Copy the data that appears below exactly. Drop the pictures.

Given information:
□ □ □ □ □
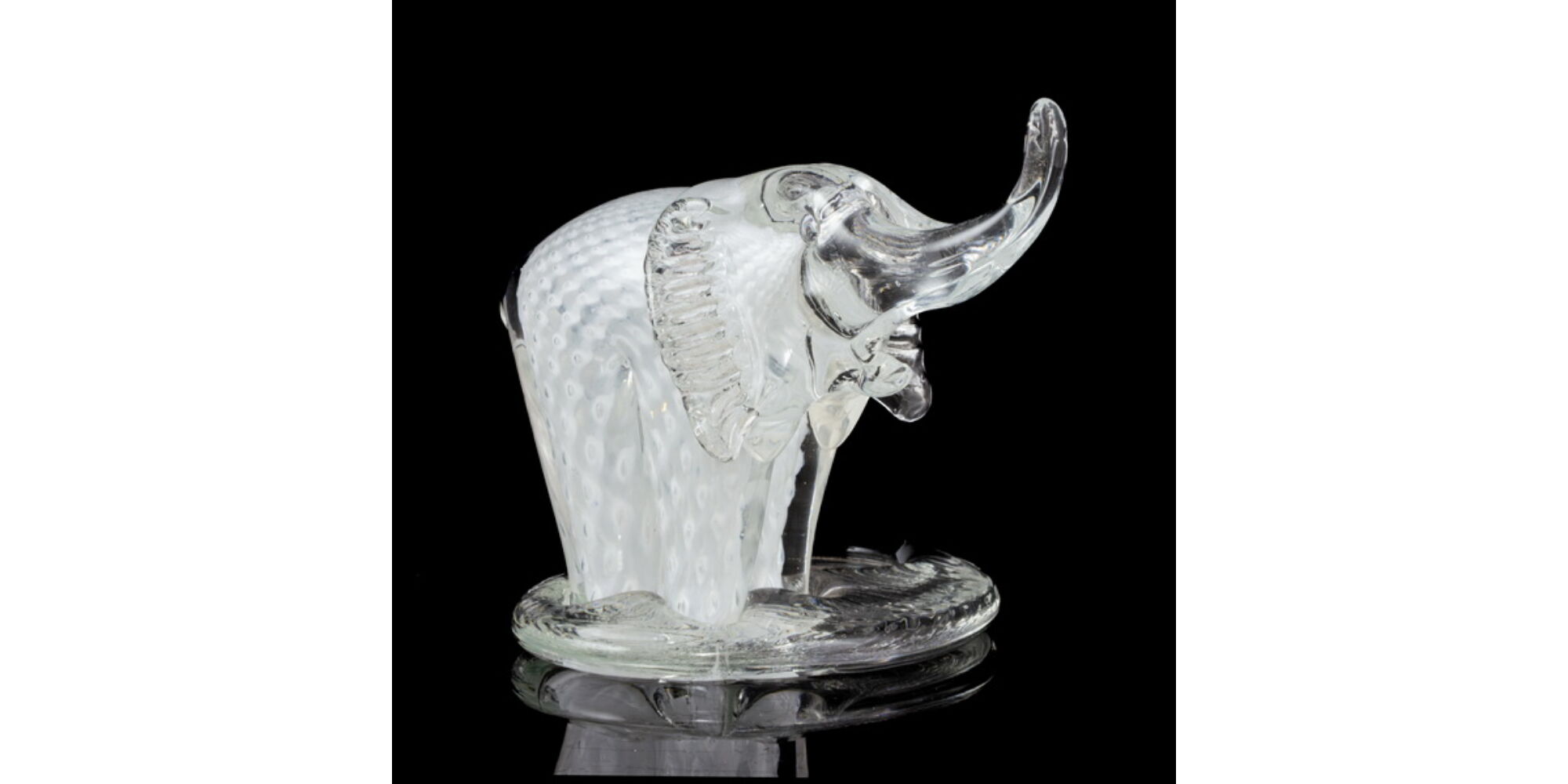 A self-blown clear glass candle holder as an elephant figure, dimensions 11 x 13 x 13.5 cm. Circa 1990. Marked: JB Parád engraved maker's mark.
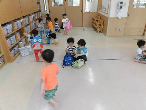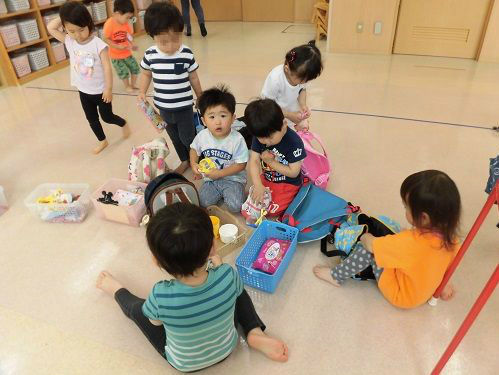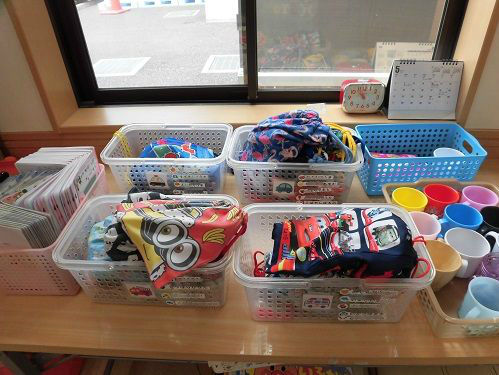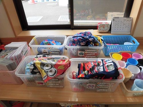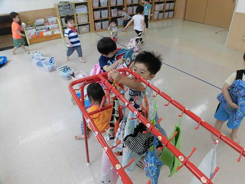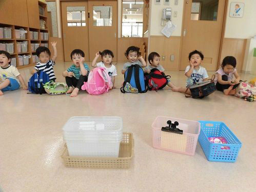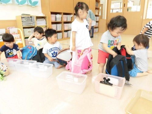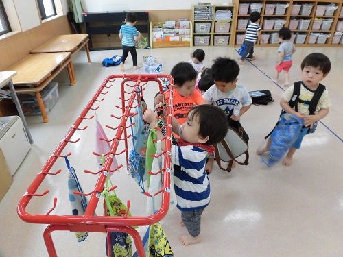 朝の支度頑張ってます! 2018年06月19日 ぶどう組に進級し、朝の仕度を自分たちでするようになりましたまずはリュックをカゴから出します みんな準備できたかな「はーい」 それぞれ自分の荷物を出して決められたところに移します 巾着だって開けられます タオルかけも上手ですね みんなとっても上手にできました
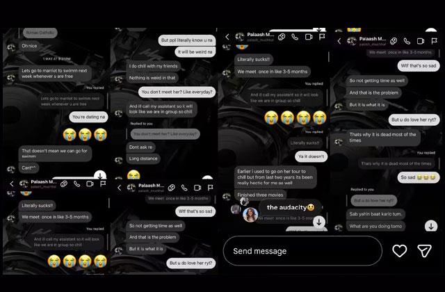 कुछ प्राइवेट चैट के कथित स्क्रीनशॉट वायरल होने के बाद उनके निजी जीवन और स्मृति मंधाना के साथ उनकी पोस्टपोन हुई शादी को लेकर कई तरह की चर्चाएं शुरू हो गई हैं। ये स्क्रीनशॉट एक अनजान महिला द्वारा शेयर किए गए, जिसके बाद Reddit और Instagram पर बहस का दौर बढ़ गया। हालांकि इन स्क्रीनशॉट्स की सत्यता की पुष्टि नहीं हुई है, फिर भी इस मामले ने पलाश को सवालों के घेरे में खड़ा कर दिया है।
□ □ □ □ □
Expected output:
 A self-blown clear glass candle holder as an elephant figure, dimensions 11 x 13 x 13.5 cm. Circa 1990. Marked: JB Parád engraved maker's mark.
 朝の支度頑張ってます! 2018年06月19日 ぶどう組に進級し、朝の仕度を自分たちでするようになりましたまずはリュックをカゴから出します みんな準備できたかな「はーい」 それぞれ自分の荷物を出して決められたところに移します 巾着だって開けられます タオルかけも上手ですね みんなとっても上手にできました
 कुछ प्राइवेट चैट के कथित स्क्रीनशॉट वायरल होने के बाद उनके निजी जीवन और स्मृति मंधाना के साथ उनकी पोस्टपोन हुई शादी को लेकर कई तरह की चर्चाएं शुरू हो गई हैं। ये स्क्रीनशॉट एक अनजान महिला द्वारा शेयर किए गए, जिसके बाद Reddit और Instagram पर बहस का दौर बढ़ गया। हालांकि इन स्क्रीनशॉट्स की सत्यता की पुष्टि नहीं हुई है, फिर भी इस मामले ने पलाश को सवालों के घेरे में खड़ा कर दिया है।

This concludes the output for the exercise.